In Our View: Playing Field isn’t Level

A high school's socioeconomic status often reflected on football scoreboard

The Columbian
Published: October 13, 2013, 5:00pm

Sports in America long have been a reflection of larger societal forces. Jackie Robinson broke baseball’s color barrier and presaged the Civil Rights era. Football became the nation’s preeminent sport as television became its dominant pop culture outlet. Nike and Michael Jordan transformed marketing and the consumer culture.Sports often influence — and are influenced by — social and economic changes to the foundation of the country. So it is no surprise, really, to find high school football on the local level being reflective of economic realities in Clark County.

As detailed in a recent Columbian story by reporter Paul Valencia, the success of your favorite high school football team typically mirrors its socio-economic demographic.
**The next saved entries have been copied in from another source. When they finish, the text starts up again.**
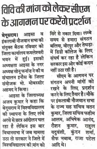 बेगूसराय में मुख्यमंत्री के आगमन पर विश्वविद्यालय की मांग को लेकर होगा आक्रोशपूर्ण प्रदर्शन !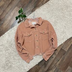 American Eagle Small Oversized Pink Corduroy Frayed Cropped Button Front Shacket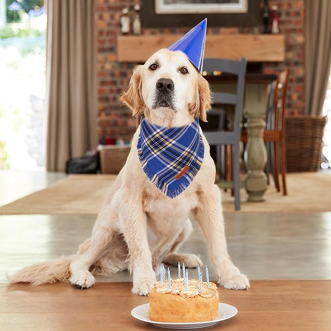 - Blue Dog Bandanas: Two different blue plaid patterns with stylish tasseled edges, Perfect for boy dogs, they give your pup a dapper and trendy look, ideal for daily walks, outdoor adventures, park hangouts, or gatherings.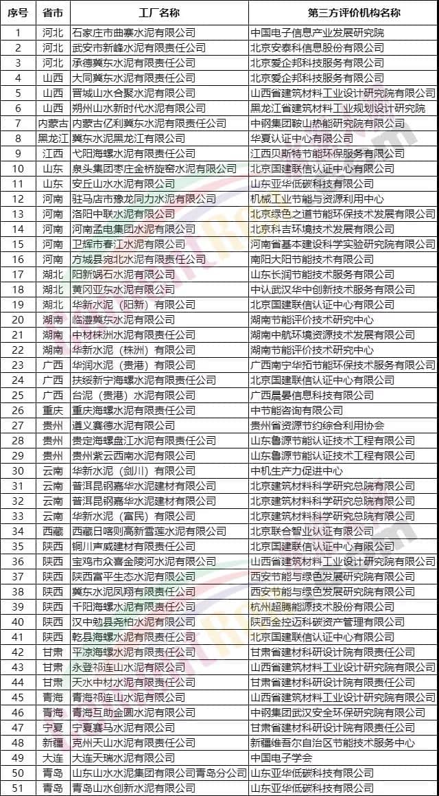 經申報單位自評價、第三方機構評價、省級工業和信息化主管部門評估確認及專家論證、公示等程序,確定了第五批綠色制造名單,并予以公布。其中,包括冀東水泥,山水水泥,海螺水泥,同力水泥,中聯水泥,華新水泥,華潤水泥等51家水泥企業在內的719家工廠獲評綠色工廠,名單如下: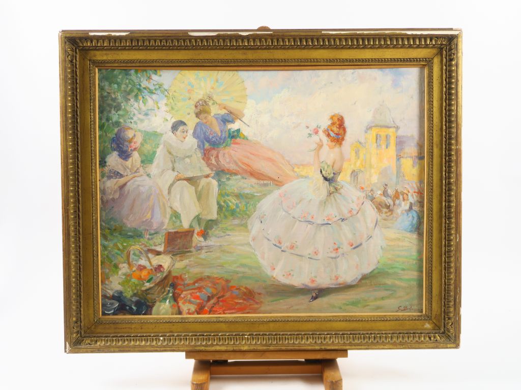 G. BEFANI "Pierrot et ses drôles de dames" Huile sur toile. Signée en bas à droite. 50 x 65 cm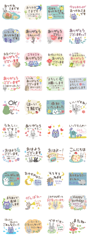 長めのメッセージで気持ち伝わる!毎日よく使う言葉をセットにしました。ひらりーー の大人の気遣いシリーズ3 挨拶/敬語/うさぎ/ふくろう/大人/猫/鳥ひらりーー より発売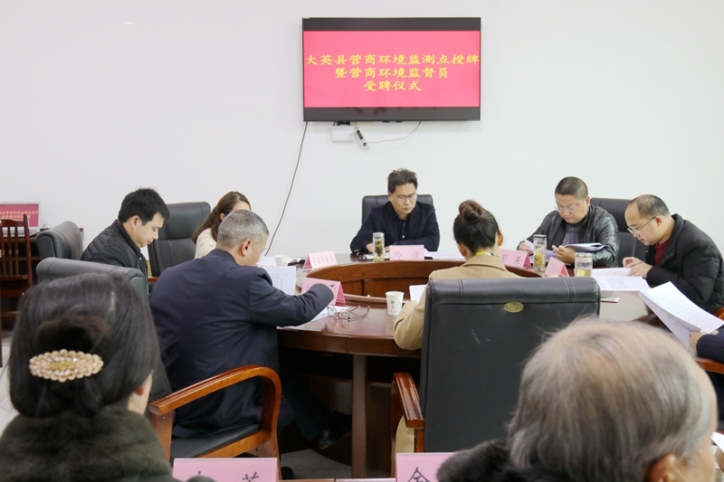 12月1日,遂宁市大英县召开营商环境监测点授牌暨营商环境监督员受聘仪式,副县长冷俊主持会议,向在全县范围内设立的10个营商环境监测点的联络员进行了授牌,并为聘请的16名营商环境监督员代表颁发了聘书。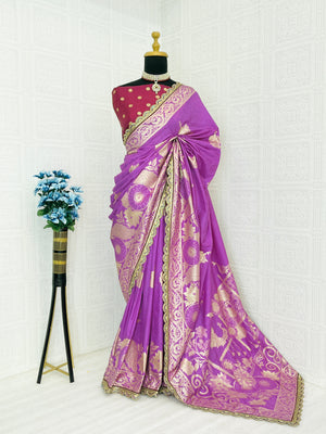 SOMVATI Dola Silk Saree – Regal Elegance with Intricate Embroidery Lace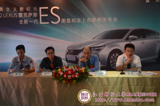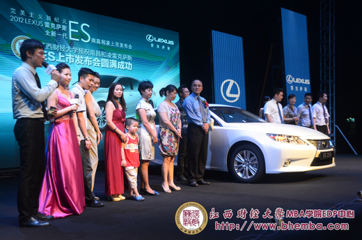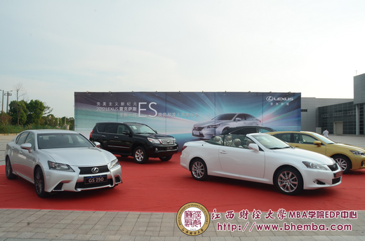 2012年8月18日下午,一輛黑色的海馬轎車(chē)奔馳在南昌的道路上,目的地直指——紅谷灘會(huì)展中心,這也是南昌和凌雷克薩斯新車(chē)發(fā)布會(huì)的展場(chǎng)。江西財(cái)經(jīng)大學(xué)MBA學(xué)院EDP中心受邀參加此次活動(dòng),由EDP中心漆飛主任以及李彥杰老師帶隊(duì),并且組織總裁班的學(xué)員積極參與。下午五點(diǎn)時(shí)分,我們到達(dá)了會(huì)場(chǎng)。在迎賓人員的帶領(lǐng)下,走進(jìn)會(huì)場(chǎng)。隨后,學(xué)員也陸續(xù)到達(dá)了會(huì)展中心,展位上早已擺放這此次發(fā)布會(huì)的主角,ES系列新品:IS 250 C、GS 400等。學(xué)員或獨(dú)自欣賞或三三兩兩津津樂(lè)道的討論著。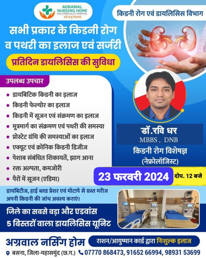 जिले का सबसे बड़ा और एडवांस 5 बिस्तरों वाला डायलिसिस यूनिट अग्रवाल नर्सिंग होम राशन / आयुष्मान कार्ड द्वारा निःशुल्क इलाज • बसना, जिला महासमुंद (छ.ग.) 07770868473, 9165266994, 9893153699
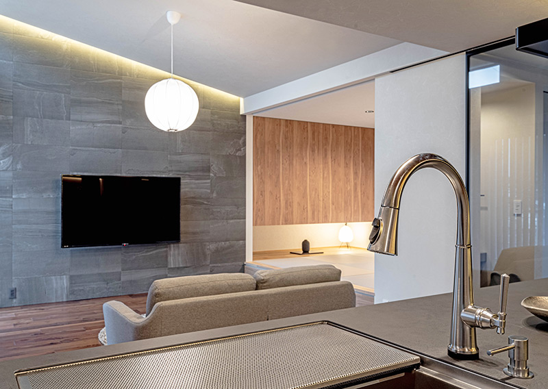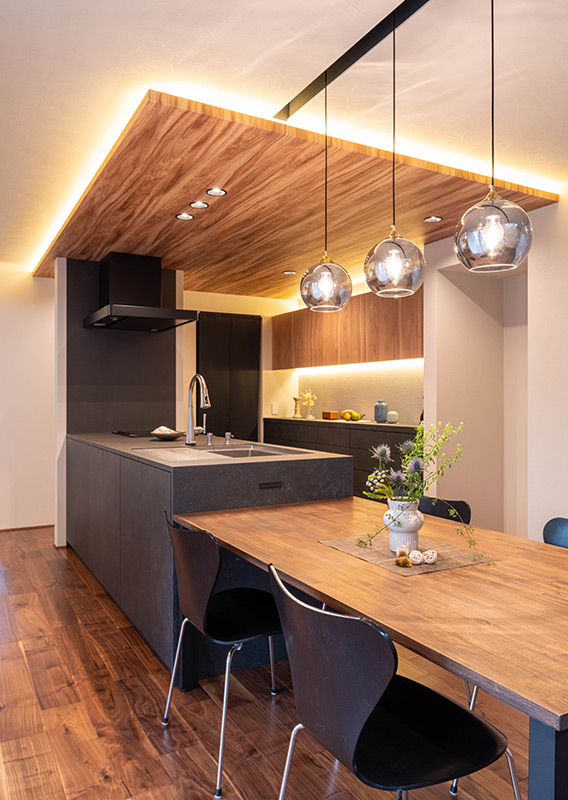 回遊動線の終点をDKに設定。ウォルナット×タイル×黒の素材構成を、間接光と多灯照明で美しく整えています。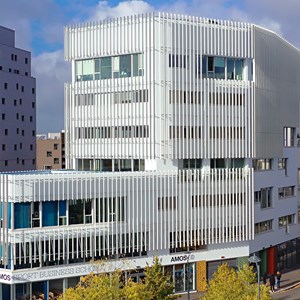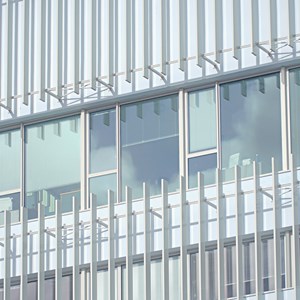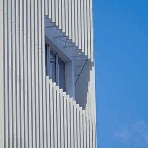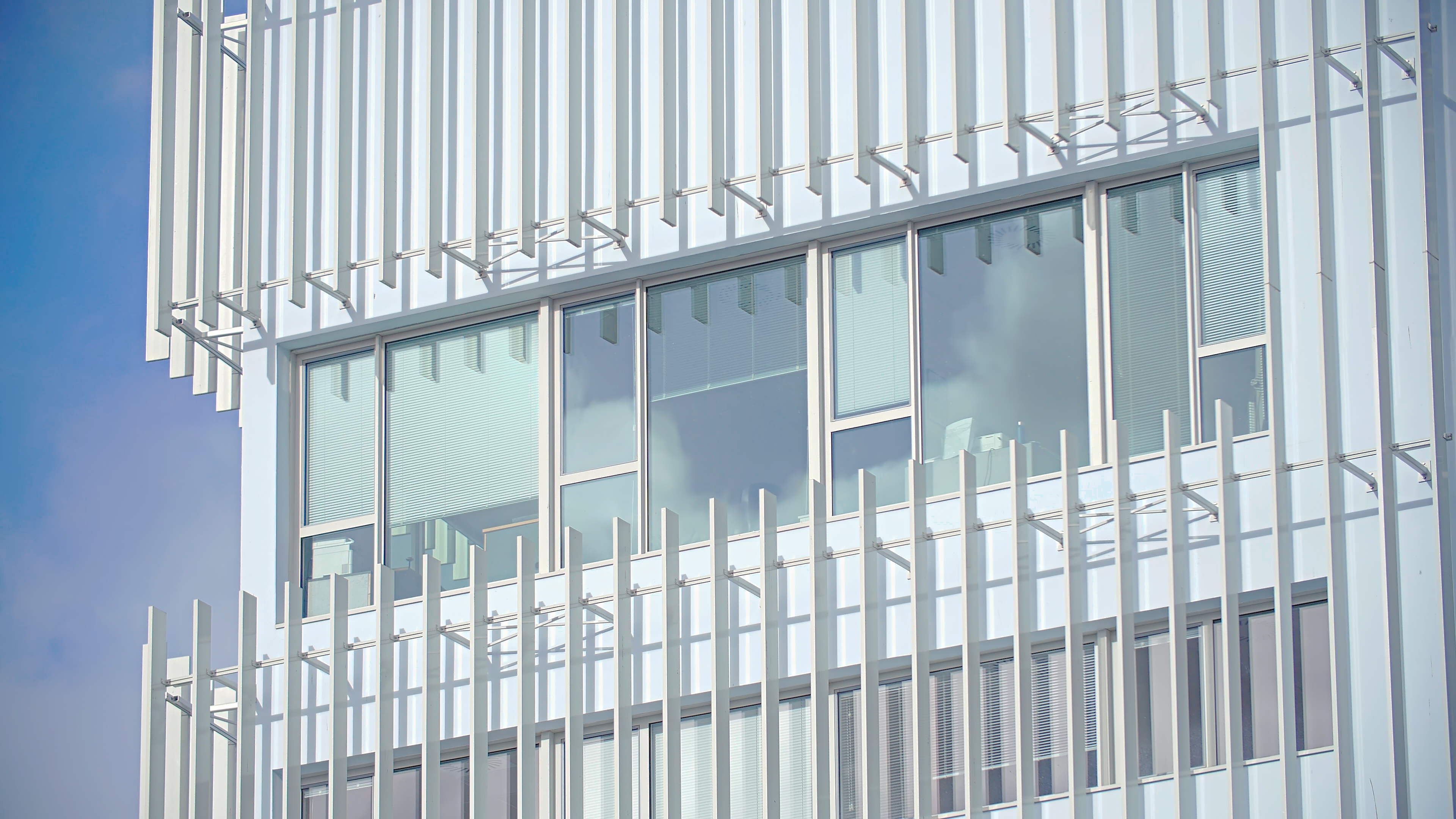 Des brise-soleil DucoSun Cubic ont été utilisés pour habiller la façade. Les lames blanches ont une double fonction. D'une part, elles assurent une protection solaire optimale et créent ainsi un climat intérieur sain. D'autre part, les lames montées verticalement donnent à l'ensemble du bâtiment un aspect très épuré et contemporain. Ils font ainsi en sorte que le bâtiment soit un véritable point d'attraction dans la rue.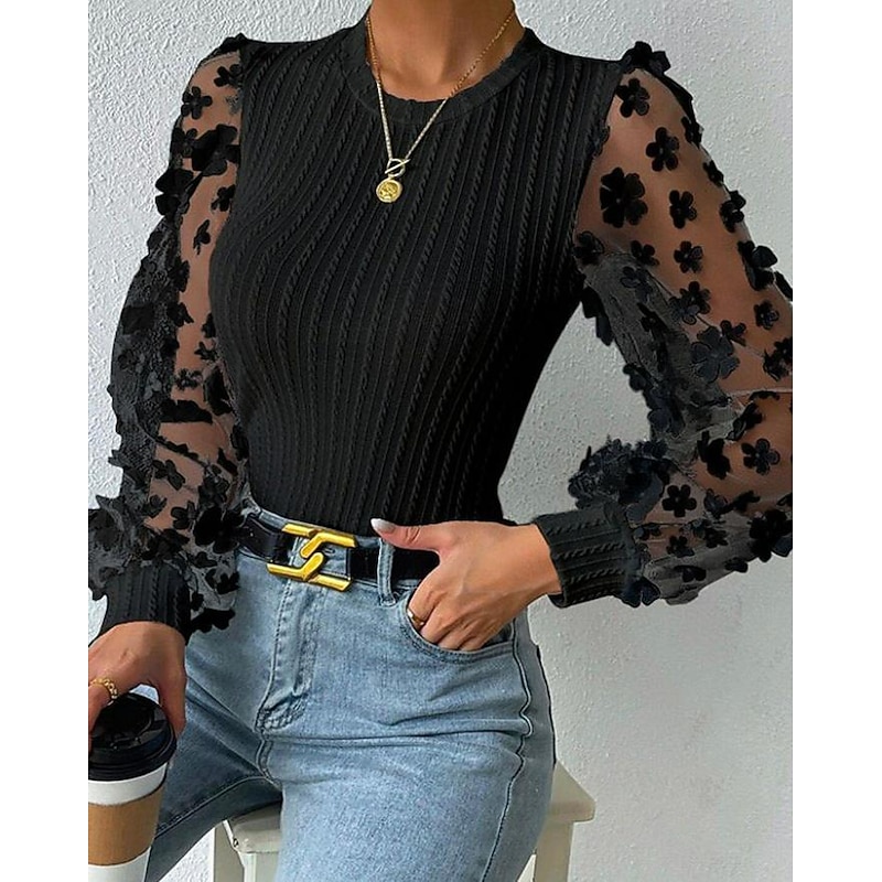 Highlights [Fabric] Crafted from high-quality chiffon and polyester, this women's blouse offers a lightweight and breathable feel, making it perfect for warm weather wear in spring, summer, and fall. [Fit] Designed with a form-fitting silhouette, the blouse provides a sleek and modern look, ensuring comfort and style for any occasion. [Design Highlights] The blouse showcases a sophisticated crew neck and striking lantern sleeves, adding a touch of elegance and charm. The intricate mesh patchwork design on the sleeves further accentuates the blouse's contemporary appeal. [Occasions] Perfect for work, social gatherings, or a stylish day out, this versatile top easily complements any wardrobe. Pair it with high-waisted jeans or a sleek skirt for a polished, fashionable look. [Size Range] Available in a variety of sizes, including S, M, L, and XL, to ensure a comfortable and flattering fit for a diverse range of body types.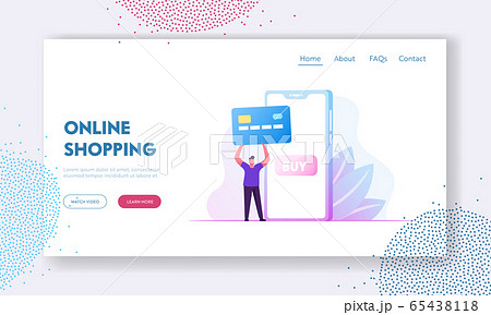 Online Payment Website Landing Page. Man Buyer Hold Credit Card Stand near Smartphone with Buy Button on Screen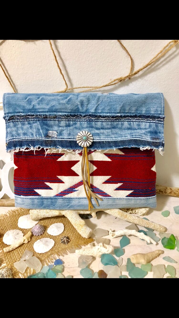 オルテガ ダメージ デニム コンチョ シルバー クラッチ バッグ 西海岸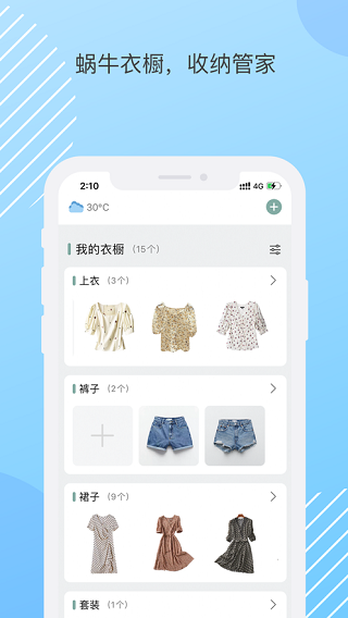 3、衣物分类很方便,拍照导入衣橱,不同的衣物都可以清晰的分类展示出来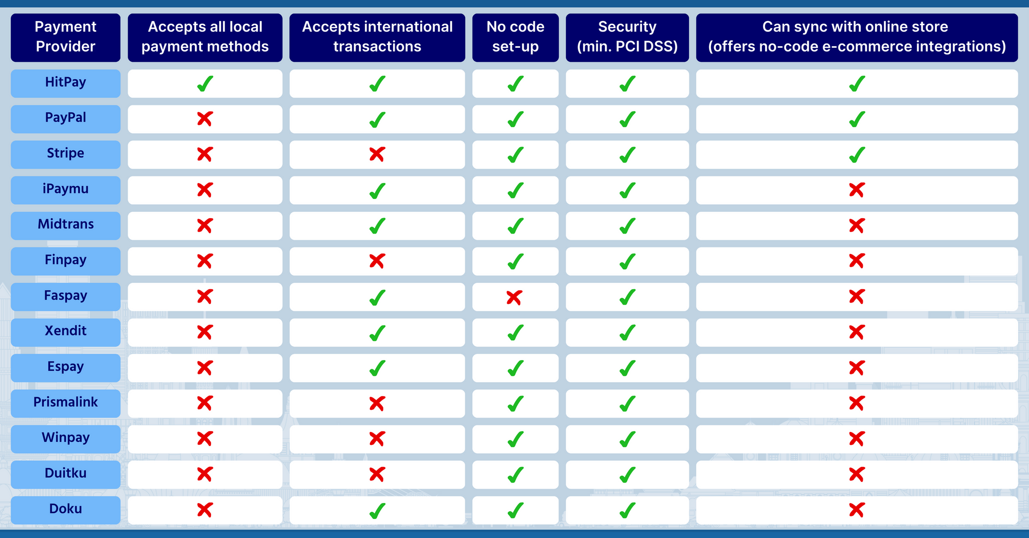 For more details about HitPay's pricing and available payment methods in Indonesia, go here.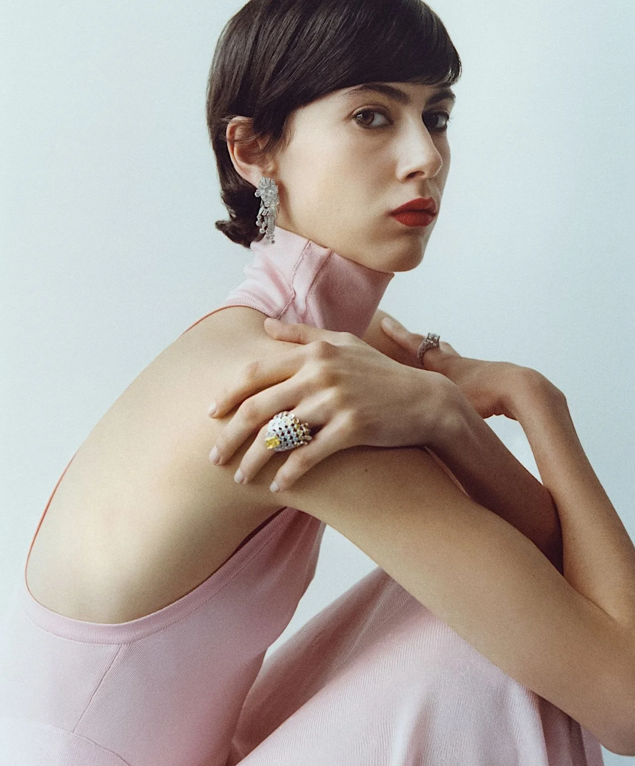 Above: Pomellato high jewelry; Bottega Veneta dress.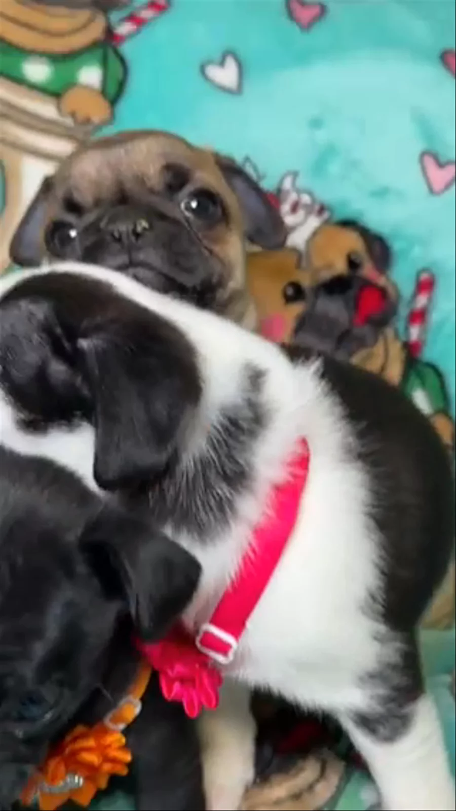 Pug puppies include black, fawn, and brindle. Colors will vary depending on the parent dogs.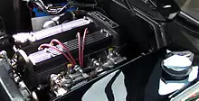 The Big Valve Twin Cam was a project of Lotus' Engineering Director Tony Rudd.[1] Rudd reduced the deck height by 0.04 in (1.0 mm) to raise the compression ratio to 10.5:1, increased the diameter of the inlet valves to 1.565 in (39.8 mm), modified the inlet runners' shape for the larger valves and installed Super Special Equipment D-type camshafts. Power was increased 20% over the regular engine's 105 to 126 hp (78.3 to 94.0 kW). Big Valve engines were offered in the Elan Sprint, Elan +2 130, and Lotus Europa Twin Cam Special models.[12][13]: 28 Cam covers for Big Valve engines had the words "Lotus" and "Big Valve" cast in raised letters across the front of the cam cover. The portion of the cover over the camshafts had raised ribs cast in.

Valencia and Web editor John Hill examined the percentage of students on free or reduced-price lunch programs — an indicator of an area’s affluence — at each local high school and found that those numbers coincided with a school’s on-field football success. Camas, for example, has the lowest rate of students on lunch programs — 19 percent — among large schools in Southwest Washington. The Papermakers have reached the state semifinals in football each of the past two years and are ranked No. 1 in the state this season.

The quick explanation for the correlation between affluence and football is that high school sports have become a year-round endeavor. Even preteen athletes these days partake in constant training and receive out-of-school coaching in order to excel in their chosen sports, and by the time they get to high school they are better prepared for success on the field. That often requires time and money on the part of the parents.

“A lot of the out-of-season work takes an incredible amount of time,” Mick Hoffman, athletic director for Vancouver Public Schools, told Valencia. “There are transportation issues. Some kids are working or providing day care for their siblings.”

Or, as Camas football coach Jon Eagle has said, the concerns of coaches at some schools are much different than the problems he faces in his program. Some coaches “worry about, ‘Have my kids had breakfast?'” Eagle told The Columbian in 2011. “I’m worried about, ‘Am I going to have 60 kids or 80 kids going to the Oregon State camp this summer and paying $300 a pop?'”

The result has been seasons like last year, when Camas won league contests against schools with comparable enrollments by scores such as 77-28, 55-21, and 49-21.

The point of this exercise is not to decry excellence on the part of Camas or any other school. Nor is to lament schools that are unable to compete at a reasonable level. No, the point is to suggest that in sports, despite common declarations to the contrary, the end result is not always the ultimate measure of success. Sports fans like to say “scoreboard,” indicating all that is meaningful can be found in the lighted numbers at the end of the game. But nothing could be further from the truth.

The fact is that, in a capitalistic society, there always are going to be the advantaged and the disadvantaged; there always are going to be haves and have-nots. Governments can do a little to mitigate those differences, but we have chosen a system that celebrates and provides incentives rather than disincentives for excellence. Yet it is those advantages and disadvantages that must be remembered when assessing the outcome of a game. Wins and losses are not found only in the arena; they are found in the simple act of competing and trying to be better today than you were the day before.